1. ## Implicit Functions - Solving for G(x,y,z) in terms of z=f(x,y)

I have to show that the equation $\displaystyle z^3 + ze^{(x+y)} + 2 = 0$ has a unique solution $\displaystyle z = f(x,y)$ for all (x,y) in $\displaystyle R^2$. Conclude from the Implicit Function Theorem that f is continuous everywhere.

If I solve for z=f(x,y) in a neighbourhood of (0,0,-2) is this the same thing as showing that z=f(x,y) for all (x,y)?

Or is there another way to do it without using successive approximations?
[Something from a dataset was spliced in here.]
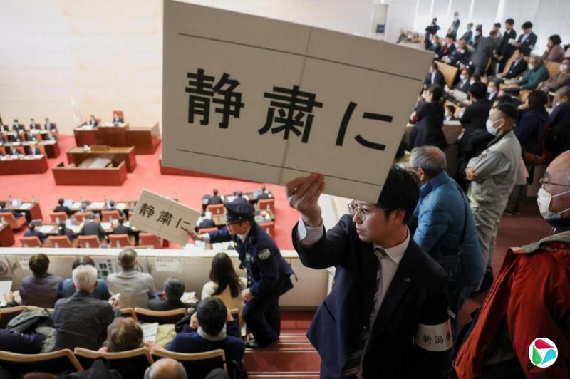 议案通过当天,约有300名抗议者聚集在新潟县议会大楼前,举着写有“反对核能”、“反对重启柏崎刈羽核电站”和“支持福岛”的横幅。
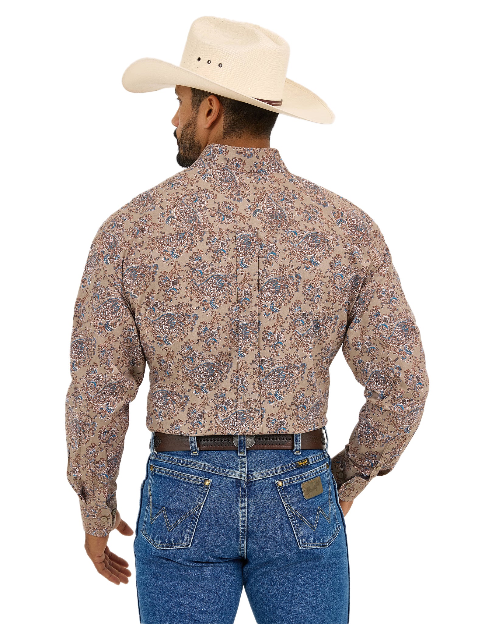 Designed for comfort and style, this shirt features a brown multi paisley print and two button through pockets. The 98% cotton, 2% spandex blend ensures a comfortable fit, while the contrast trim and straight back yoke add unique style. The two button adjustable cuffs make it easy to customize the fit to your liking.

2. Denote $\displaystyle F(x,y,z)=z^3+ze^{x+y}+2$ and suppose $\displaystyle F(x_0,y_0,z_0)=0$ . Then,

$\displaystyle (i)\quad F\in \mathcal{C}^{1}(\mathbb{R}^3)$

$\displaystyle (ii)\quad \dfrac{\partial F}{\partial z}(x_0,y_0,z_0)\neq 0$

So, for every $\displaystyle (x_0,y_0,z_0)$ there exists in a neigborhood $\displaystyle V$ of $\displaystyle (x_0,y_0)$ a function $\displaystyle z=f(x,y)$ (of class 1) satisfying $\displaystyle f(x_0,y_0)=z_0$ and $\displaystyle F(x,y,f(x,y))=0$ for all $\displaystyle (x,y)\in V$ .

3. Thanks so much!
But can you tell me why
$\displaystyle (ii)\quad \dfrac{\partial F}{\partial z}(x_0,y_0,z_0)\neq 0$
has to be true in order for the unique function z=f(x,y) to exist? I thought the partial derivative with respect to the second component, in this case y, had to be nonzero?

4. Originally Posted by cuteangel
But can you tell me why
$\displaystyle (ii)\quad \dfrac{\partial F}{\partial z}(x_0,y_0,z_0)\neq 0$
has to be true in order for the unique function z=f(x,y) to exist? I thought the partial derivative with respect to the second component, in this case y, had to be nonzero?

It is a hyphotesis of the Implicit Function Theorem.